Qute an incentive to have more DC if you really wanted to and couldn't see any positive future for your job /housing situation.

I would have seen this as morally wrong on a societal level but morally right on selfish personal level in doing what is best for my family.

I agree with OP's sentiments but disagree with her wondering whybpeople would have more DC if they were struggling. In some circumstances it is a fecking 'no brainer'.

HappyMummyOfOne · 13/12/2013 18:57

"happy what are you plans?
The ones that will cover you for all eventualities?"

We have life insurance, redundancy and illness cover. Not exactly rocket science Hmm Its important to us that we both have the means to support ourselves and DS should something happen to either of us so we both work.

I think its important for many reasons to carry on working after become a parent not least to finance that choice but for many others. Becoming a SAHP with no earnings puts a person in a very vunerable position.

If we abolished child benefit and tax credits and people had to fund their children themselves, it would make for very interesting reading to see how much our birth rate goes down. Everybody would be on the same footing rather than some getting, in effect, a payrise for every child or an excuse to not work.

gordyslovesheep · 13/12/2013 19:12

and if your partner left you what 'insurance' do you have for that?

oh and if you abolished CB and CTC I would BECOME a lone parent ON BENEFITS because I couldn't afford to work

HappyMummyOfOne · 13/12/2013 19:21

Gordy, should that happen i work so have an income. Its not that hard to understand surely?

Working is for many second nature, sadly for others benefits are. Its no longer seen as a welfare state but a lifestyle choice or top up system for peoples choices.

Fluffytent · 13/12/2013 19:25

Thank you DazzleU , those are some interesting statistics.

It seems we are fed a big exaggeration by the media on the "Wayne and Waynetta" benefit claimants when the larger proportion of Benefits goes to pensioners.

Interesting.

I know that they account for the age group with the title of most likely to appear in A&E due to alcohol related accident.... And yet we are still fed the media stereotype of the hoodie teenage binge drinker when they are not the majority in this category.

My view- they make up a hugggggge amount of the electorate. Expect to see more policies aimed directly at them in the next 18mths before the next election.

ophelia275 · 13/12/2013 19:28

I think there should be a benefit cap at two children, meaning that benefits are paid for the first 2 children and those that want to have more can do so but will need to provide for them by themselves. That is much fairer since two is the replacement rate and it means families are not stopped from having as many children as they like but after two it will be their responsibility to budget for more and not the taxpayers. It will stop the incentive to have more children for the extra money and stop the perverse situation of those in work on middle incomes having to think about whether they can afford to have children whilst those not in work get more benefits for each subsequent child.

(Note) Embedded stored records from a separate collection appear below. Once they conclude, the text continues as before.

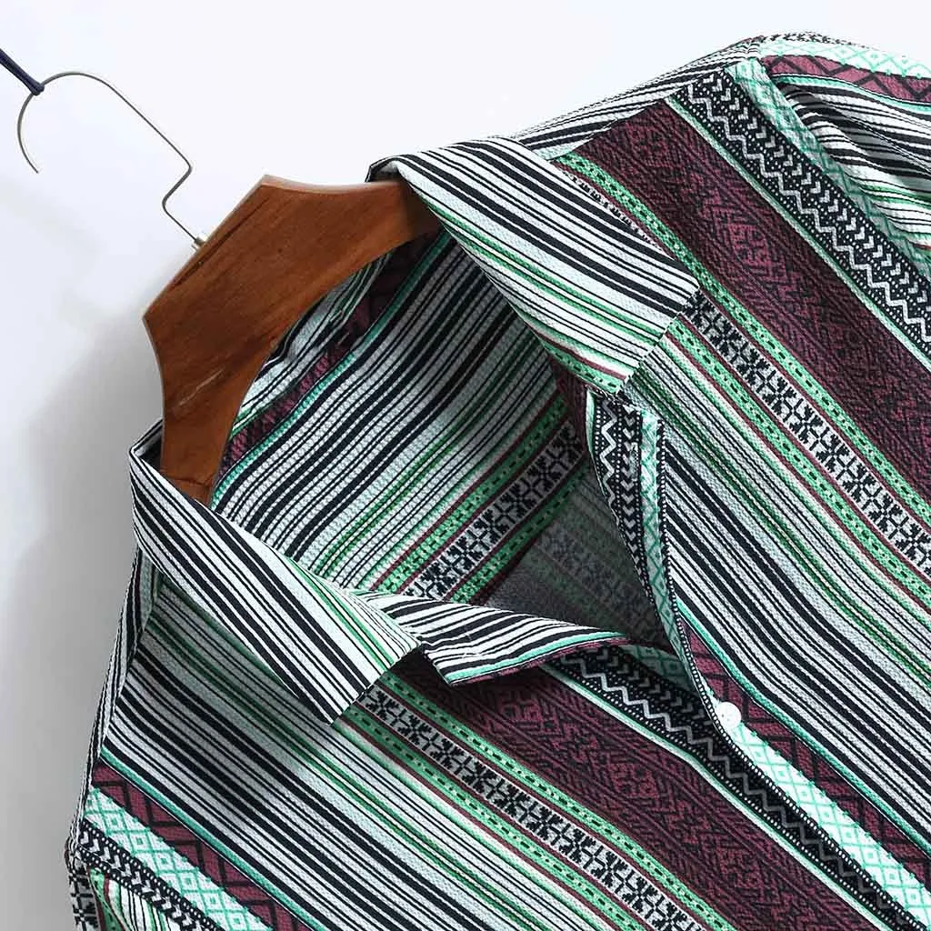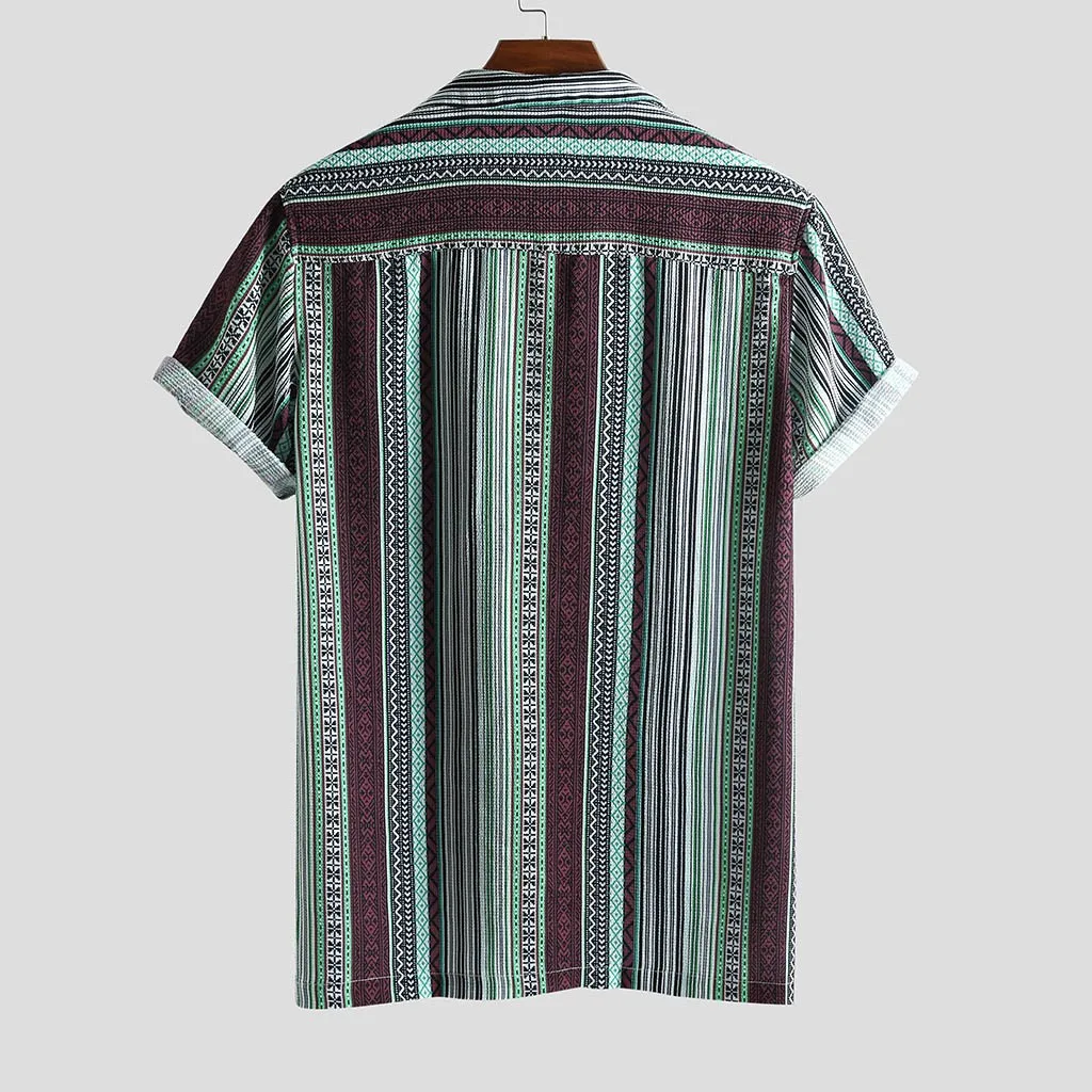 Мужская разноцветная полосатая летняя Свободная рубашка с коротким рукавом и пуговицами на каждый день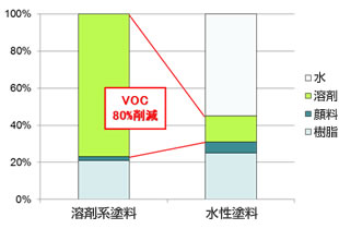塗料は、塗膜になる成分として色や光沢を出す顔料と膜になる樹脂があり、また塗膜にならず揮発する成分として塗料を希釈し塗りやすくする溶剤と助剤で構成されます。VOCの大部分が溶剤に含まれることから、VOC削減には、溶剤によって樹脂を溶かす溶剤系塗料から、水に塗料を混ぜて使う水性塗料への切り替えが有効です。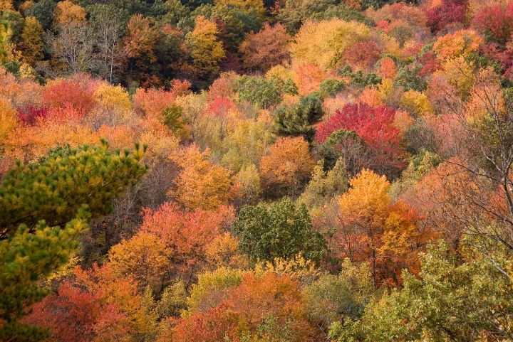 강원도 지역은 10월 초부터 중순까지 단풍이 절정을 맞이합니다. 해발고도가 높은 산들이 많아 더욱 빠르고 강렬한 색감의 단풍을 즐길 수 있는 곳입니다.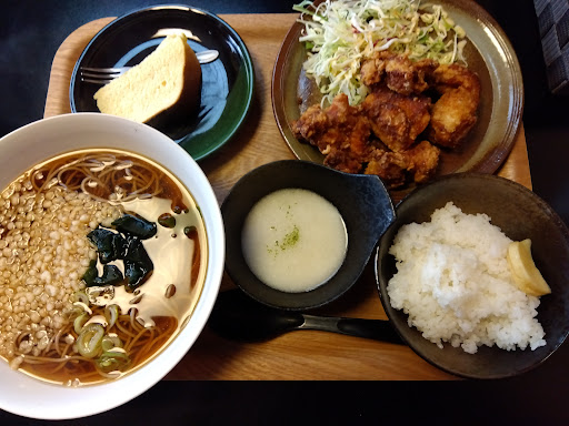 ごん平さんが新店舗に移転し たまたま通りかかりランチを始めた事を知り ランチを食べに行きました 私は唐揚げ定食のランチを 連れは、もつ焼き定食ランチ ご飯も付いているのに そのランチには選べる麺も付いていました (ラーメンor温蕎麦or温うどん)⬅普通に1人前 私は、蕎麦を(ランチでは冷たいのは無く温です) 連れはラーメンをチョイスしました

Either that or just change the system so that instead of getting a cash payment for children (child benefit/child tax credits), more is invested in things like childcare, education, healthy meals for kids (give a man a fish etc).

gordyslovesheep · 13/12/2013 19:43

so do I - do I win Hmm I hope you income is enough to cover your mortgage, childcare, transport costs, bills, and feed and clothe your selves

Mine wasn't - hence the need for CTC - it's not that hard to understand surely :)

propertyNIGHTmareBEFOREXMAS · 13/12/2013 19:56

Yanbu. People are stupid and selfish, cramming multiple children into one bedroom etc. As long as mum and dad get what they want......

coco87 · 13/12/2013 20:01

People who don't want to have children should be offered an alternative like being able to have as many cars as they want, all funded by the state. Much cheaper over 20 years than children and why shouldn't they get something back if they are paying tax to subsidise other peoples wants Wink?